Note the mesh_ind column, which aligns with the mesh indices in the nrn.mesh attribute.

Using Features

Skeletions are only so useful on their own, one also wants to attach properties like dendritic compartments to them for analysis. There are a few convenience functions in pcg_skel.features that can be used to add features to a skeleton. All of these functions start use the level 2 chunks and collect a variety of features either from the l2cache or CAVE database.

Synapses

The best way to get synapses is by default through the pcg_meshwork function, which handles the complexity of synapse queries and attachment. Once created, these synapses can be used to generate two different mappings of the neuron. The first creates a count of the number of synapses per skeleton vertex while dropping connectivity information, and the second uses synapses to predict which parts of the skeleton are dendritic and which are axonal.

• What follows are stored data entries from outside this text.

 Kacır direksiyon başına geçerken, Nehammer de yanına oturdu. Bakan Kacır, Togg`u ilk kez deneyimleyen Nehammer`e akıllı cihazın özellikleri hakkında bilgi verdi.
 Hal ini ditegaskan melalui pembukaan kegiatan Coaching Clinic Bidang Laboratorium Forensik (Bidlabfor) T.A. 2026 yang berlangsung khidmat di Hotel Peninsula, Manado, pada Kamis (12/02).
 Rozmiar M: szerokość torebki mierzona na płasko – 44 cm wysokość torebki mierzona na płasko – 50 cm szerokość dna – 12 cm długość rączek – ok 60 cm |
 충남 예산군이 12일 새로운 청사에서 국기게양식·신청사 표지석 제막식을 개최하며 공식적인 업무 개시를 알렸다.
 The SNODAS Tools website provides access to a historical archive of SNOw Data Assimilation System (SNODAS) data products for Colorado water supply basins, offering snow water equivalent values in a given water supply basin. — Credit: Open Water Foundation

To get the synapse count map, use the features.add_synapse_count function. For example, assuming you have a pcg meshwork object nrn with synapses attached in the default way, we can add synapse counts to the skeleton with:

pcg_skel.features.add_synapse_count(
    nrn,
)

syn_count_df = nrn.anno.synapse_count.df

The resulting dataframe by default will create a dataframe with one row per graph vertex (not skeleton vertex!) and columns:

  • num_syn_in: The number of input synapse at the vertex
  • num_syn_out: The number of output synapse at the vertex
  • net_size_in: The summed size of the input synapses at the vertex.
  • net_size_out: The summed size of the output synapses at the vertex.

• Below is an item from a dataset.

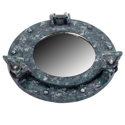 The Most Classic of All Nautical Wall Decorations – A Ship’s Porthole Mirror – Made of Aluminum, Done in a Verdigris Color and Finished to Appear as If Aged By Salt Spray – Round Mirror Sits in the Center of Porthole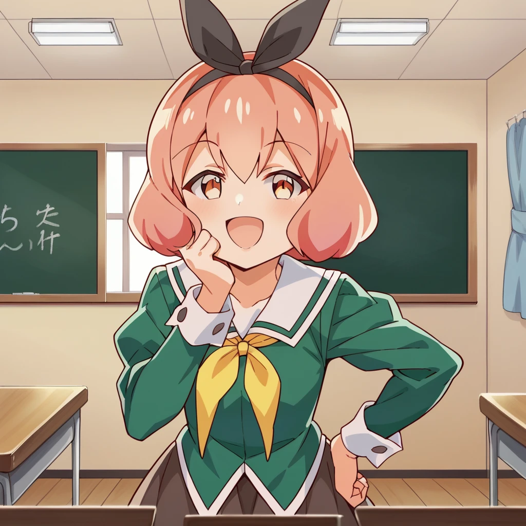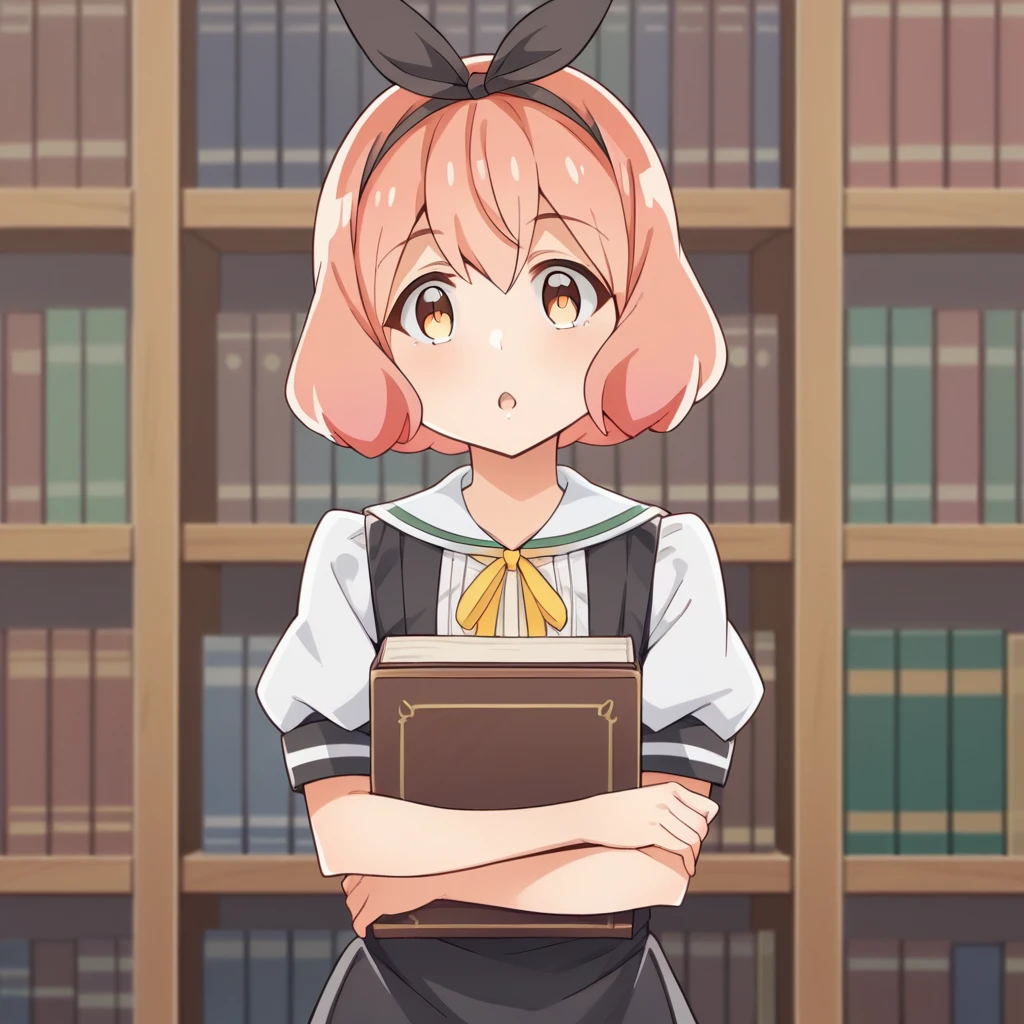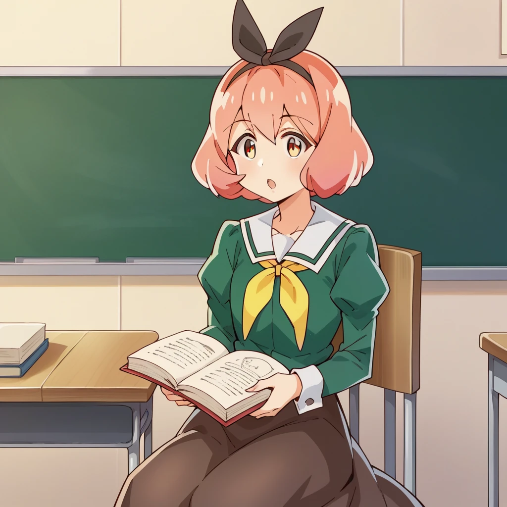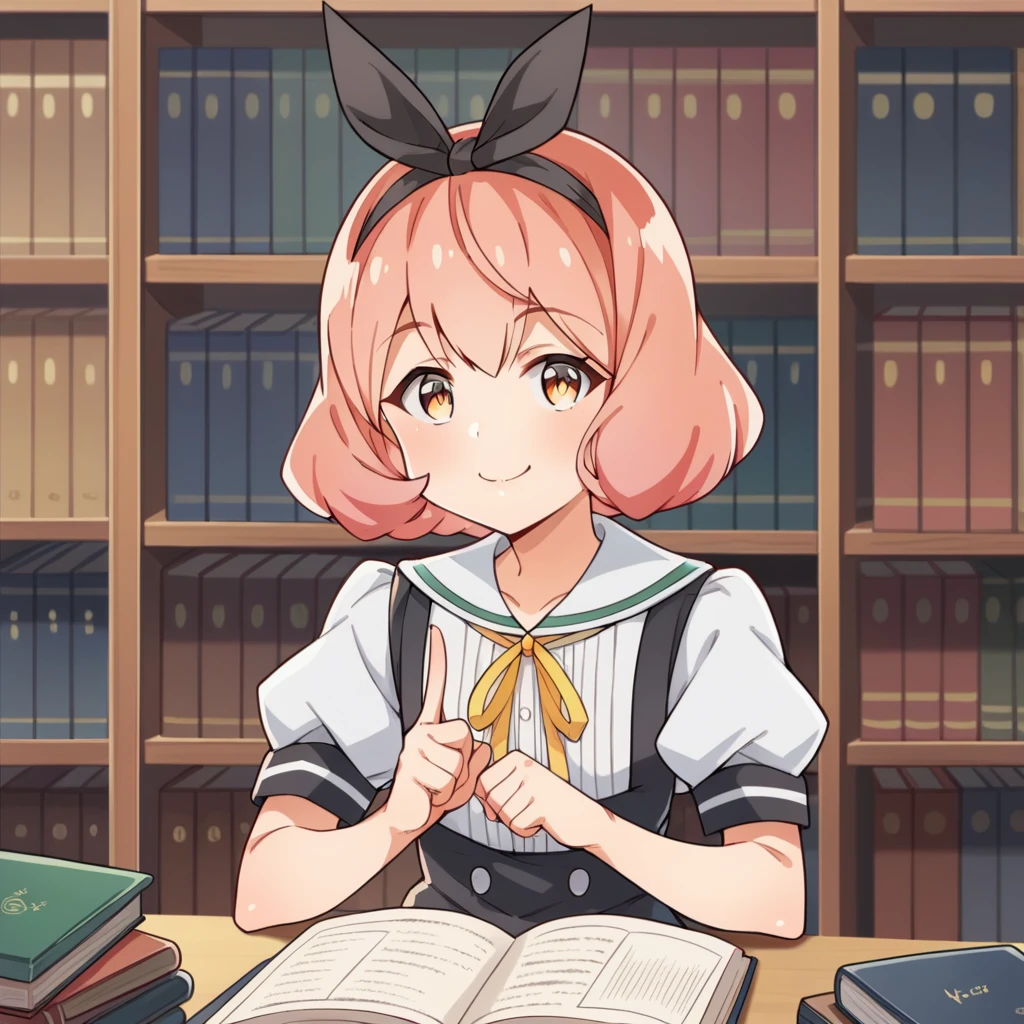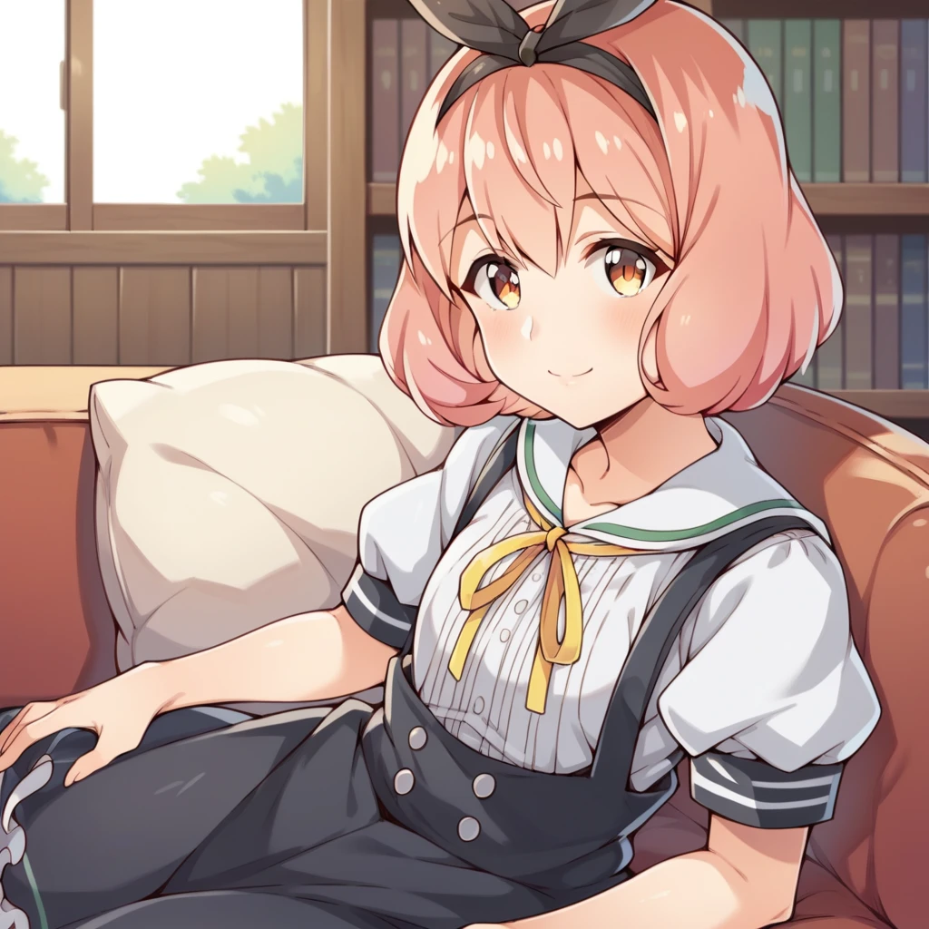 Mai, pink hair, short hair, hairband, ribbon, Optional: Technically you should be using "brown eyes" tag, but I feel like it's better without it ? So see what you like.

The last two columns enable one to compute averages of synapse size, although not percentiles.

If you want to map these values to skeleton nodes, there is also a function to handle this aggregation.

skel_df = pcg_skel.features.aggregate_property_to_skeleton(
    nrn,
    'synapse_count',
    agg_dict={'num_syn_in': 'sum', 'num_syn_out': 'sum', 'net_size_in': 'sum', 'net_size_out': 'sum'},
)

This will generate a dataframe with one row per skeleton vertex and the columns will aggregate the synapse count properties to the skeleton. The agg_dict property lets you specify exactly which columns to aggregate by across associated graph vertices and how to aggregate them. Anything that works in a pandas groupby operation will work here. Note that if you don't specify a column in the agg_dict, nothing will happen to it.